* **What you will do**
For this exercise, reproduce the entries below exactly, but only from the line containing "中新社發(fā) 李遠(yuǎn)波 攝" through the line containing "原汁松茸冰淇淋,将新鲜松茸在", both included.

* **Dataset**
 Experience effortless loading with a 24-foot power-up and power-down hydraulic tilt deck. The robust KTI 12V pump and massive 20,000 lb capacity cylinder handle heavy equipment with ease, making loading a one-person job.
==
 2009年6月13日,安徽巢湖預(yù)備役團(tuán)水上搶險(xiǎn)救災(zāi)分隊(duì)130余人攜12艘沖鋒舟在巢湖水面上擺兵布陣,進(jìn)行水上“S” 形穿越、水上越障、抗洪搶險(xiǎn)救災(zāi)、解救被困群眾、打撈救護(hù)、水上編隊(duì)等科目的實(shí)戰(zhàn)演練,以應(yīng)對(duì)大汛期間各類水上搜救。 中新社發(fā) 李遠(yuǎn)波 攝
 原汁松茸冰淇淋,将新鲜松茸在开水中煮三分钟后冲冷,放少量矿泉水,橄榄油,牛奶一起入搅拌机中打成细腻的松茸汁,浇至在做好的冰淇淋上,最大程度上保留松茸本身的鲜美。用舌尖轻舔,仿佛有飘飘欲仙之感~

* **Finished exercise**
 2009年6月13日,安徽巢湖預(yù)備役團(tuán)水上搶險(xiǎn)救災(zāi)分隊(duì)130余人攜12艘沖鋒舟在巢湖水面上擺兵布陣,進(jìn)行水上“S” 形穿越、水上越障、抗洪搶險(xiǎn)救災(zāi)、解救被困群眾、打撈救護(hù)、水上編隊(duì)等科目的實(shí)戰(zhàn)演練,以應(yīng)對(duì)大汛期間各類水上搜救。 中新社發(fā) 李遠(yuǎn)波 攝
 原汁松茸冰淇淋,将新鲜松茸在开水中煮三分钟后冲冷,放少量矿泉水,橄榄油,牛奶一起入搅拌机中打成细腻的松茸汁,浇至在做好的冰淇淋上,最大程度上保留松茸本身的鲜美。用舌尖轻舔,仿佛有飘飘欲仙之感~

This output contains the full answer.